(Exercise instructions)
Set down without change every line from the line that contains "Sau phần lễ" through the end of the listing, and only those lines. No pictures.

(Given data)
-------
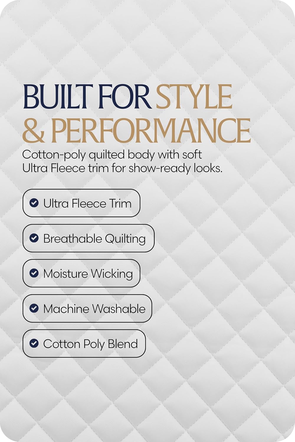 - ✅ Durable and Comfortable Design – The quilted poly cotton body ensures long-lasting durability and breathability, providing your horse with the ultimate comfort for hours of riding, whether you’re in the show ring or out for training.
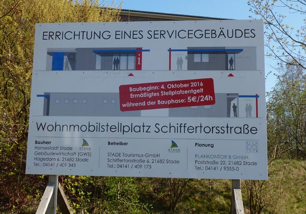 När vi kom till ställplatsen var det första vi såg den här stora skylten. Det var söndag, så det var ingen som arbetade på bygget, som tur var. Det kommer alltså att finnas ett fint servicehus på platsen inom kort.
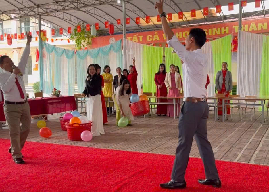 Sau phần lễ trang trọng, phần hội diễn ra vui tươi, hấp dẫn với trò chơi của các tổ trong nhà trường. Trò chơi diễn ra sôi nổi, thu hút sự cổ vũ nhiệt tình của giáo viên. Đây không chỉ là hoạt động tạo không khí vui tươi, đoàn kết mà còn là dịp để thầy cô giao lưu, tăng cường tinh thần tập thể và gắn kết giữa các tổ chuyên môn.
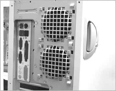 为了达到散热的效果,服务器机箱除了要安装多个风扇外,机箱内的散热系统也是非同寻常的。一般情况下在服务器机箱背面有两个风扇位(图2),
-------
(Written response)
 Sau phần lễ trang trọng, phần hội diễn ra vui tươi, hấp dẫn với trò chơi của các tổ trong nhà trường. Trò chơi diễn ra sôi nổi, thu hút sự cổ vũ nhiệt tình của giáo viên. Đây không chỉ là hoạt động tạo không khí vui tươi, đoàn kết mà còn là dịp để thầy cô giao lưu, tăng cường tinh thần tập thể và gắn kết giữa các tổ chuyên môn.
 为了达到散热的效果,服务器机箱除了要安装多个风扇外,机箱内的散热系统也是非同寻常的。一般情况下在服务器机箱背面有两个风扇位(图2),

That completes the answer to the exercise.